Eigenvalues of a matrix with entries involving combinatorics

Let $F(n, l, i, j)$ be the cardinality of the set \begin{eqnarray*} \{(k_1, \cdots, k_n)\in\mathbb{Z}^{\oplus n}|0\leq k_r\leq l-1\text{ for }1\leq r\leq n\text{, }k_1+\cdots+k_n=lj-i\}. \end{eqnarray*} Define an $n\times n$ matrix $M(l, n)$ by \begin{eqnarray*} M_{ij}(l, n)=(-1)^{i+j}F(n, l, i, j). \end{eqnarray*} In fact $M(l, n)$ is related to the Adams operations on $U(n)$, and I can show using algebraic topology that the eigenvalues are $1, l, l^2, \cdots, l^{n-1}$. Note that the last column vector of $M(l, n)$ is $(0, 0, \cdots, 0, 1)$ and so it is an eigenvector corresponding to the eigenvalue 1. When $n=2$, $M(l, 2)$ is $\begin{pmatrix}l&0\\ 1-l& 1\end{pmatrix}$.

Question: Are there more elementary ways to show this?

Added: For a fixed $n$ and different $l$, the matrices $M(l, n)$ commute with each other (more precisely, $M(l_1, n)M(l_2, n)=M(l_1l_2, n)$) and thus they are simultaneously diagonalisable and their eigenvectors do not depend on $l$. See the answer to this question for a set of eigenvectors of $M(l, n)$. A side question is how one can obtain the eigenvectors using elementary methods.

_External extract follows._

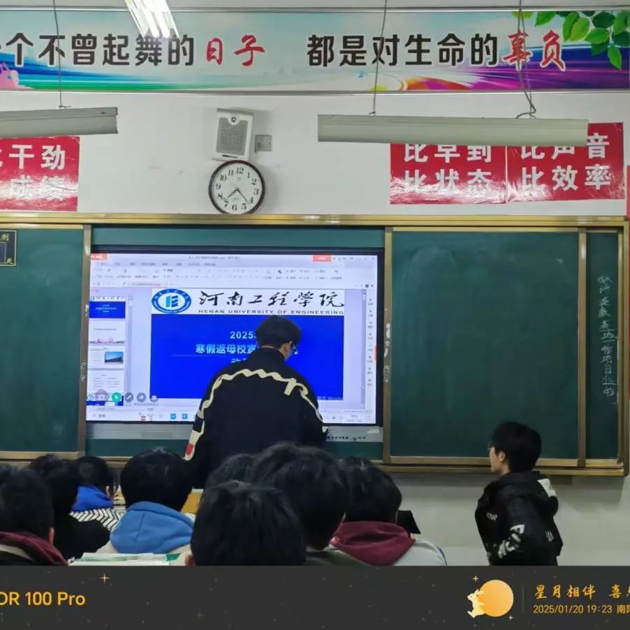与老师重逢,亲切汇报大学学习生活点滴,课程的多元、科研初体验、社团活动的精彩,老师们欣慰不已;发放河南工程学院宣传册,宣讲会上从学校历史底蕴、王牌专业、师资力量到校园文化、就业升学佳绩,全方位展现学校魅力;走进教室,以亲身经历讲述大学学习自主探索的过程、多彩社团生活、宿舍情谊,传递梦想力量,学弟学妹们眼中满是憧憬。
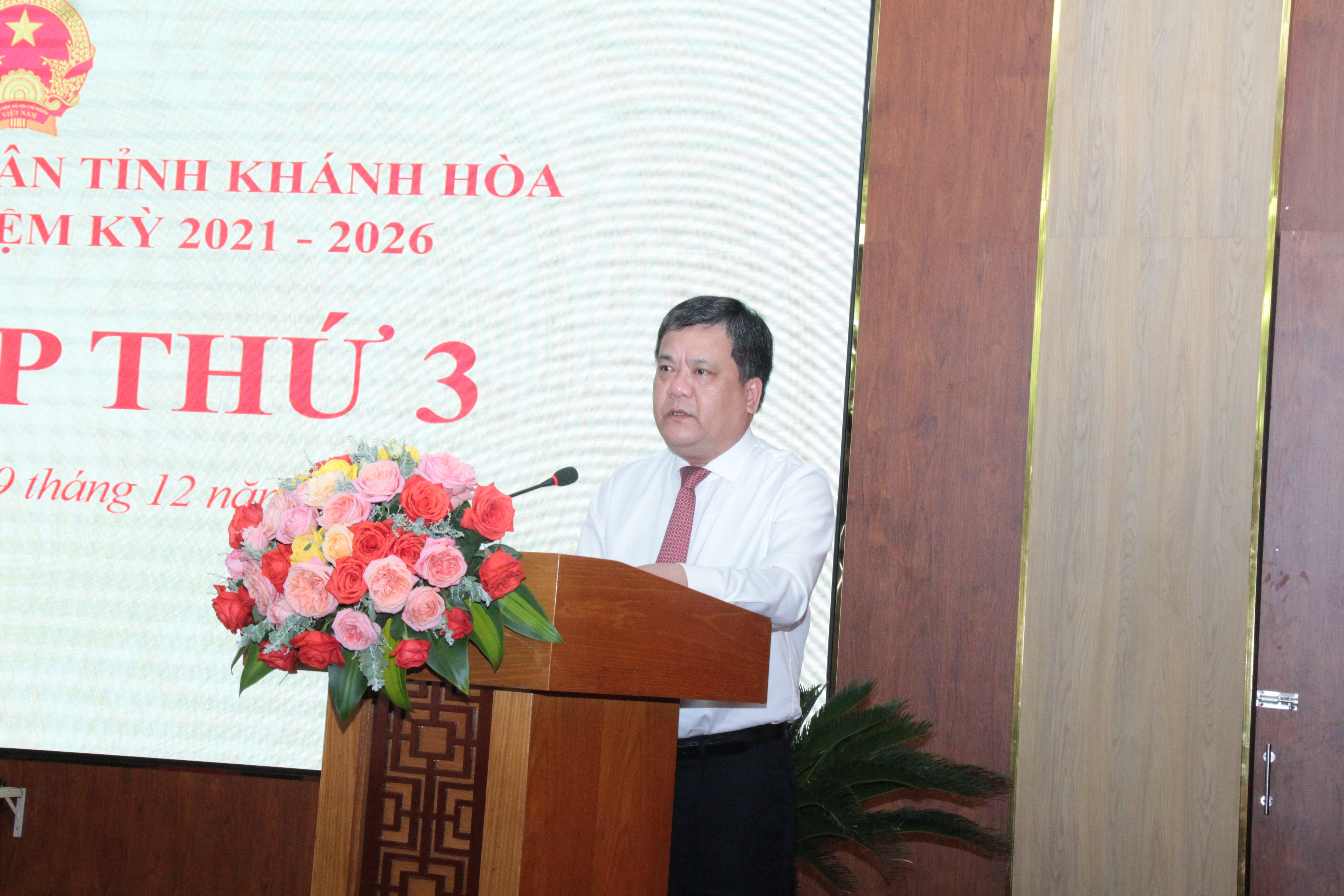 Phát biểu tiếp thu, giải trình ý kiến của đại biểu HĐND tỉnh, Chủ tịch UBND tỉnh Khánh Hòa Trần Phong đã làm rõ các nội dung thuộc 4 nhóm vấn đề lớn, gồm: khắc phục hậu quả mưa lũ, tăng cường phòng, chống thiên tai; thực hiện nhiệm vụ phát triển kinh tế – xã hội của tỉnh; hoạt động của chính quyền địa phương 2 cấp; thực hiện quy hoạch và mục tiêu xây dựng Khánh Hòa trở thành thành phố trực thuộc Trung ương.

• Is it possible to make an example about your question. Thanks – Amin235 Nov 20 '16 at 7:30
• @Amin235 I edited the question and gave an example of $M$ when $n=2$. – No_way Nov 20 '16 at 15:21
• Thank you so much that you made an example. I wanted to see an example for a large values of $n$, like $n=5$ or even you present the form of matrix in general. I feel, there is a linear sequence numbers for $M$ matrix. Is it possible to tell me what dose it mean the $n$th power of the $M$ matrix in the combinatorics language? Excuse me, If i ask too many question. – Amin235 Nov 20 '16 at 23:14
• @AlexeyUstinov Thank you for pointing this out. Indeed they are related. However note that entries of $M$ are number of ordered partitions of some numbers whereas the Gauss polynomials give number of partitions without regard to the order. – No_way Nov 21 '16 at 14:13

One can prove this statement along the following lines.

1. Prove that ${\rm Trace}(M(l,n)) = 1+l +\cdots + l^{n-1}$.
2. Prove that $M(l,n)^p = M(l^p,n)$.

Clearly, these statements 1 and 2 together imply that the eigenvalues are $1,l,\ldots, l^{n-1}$.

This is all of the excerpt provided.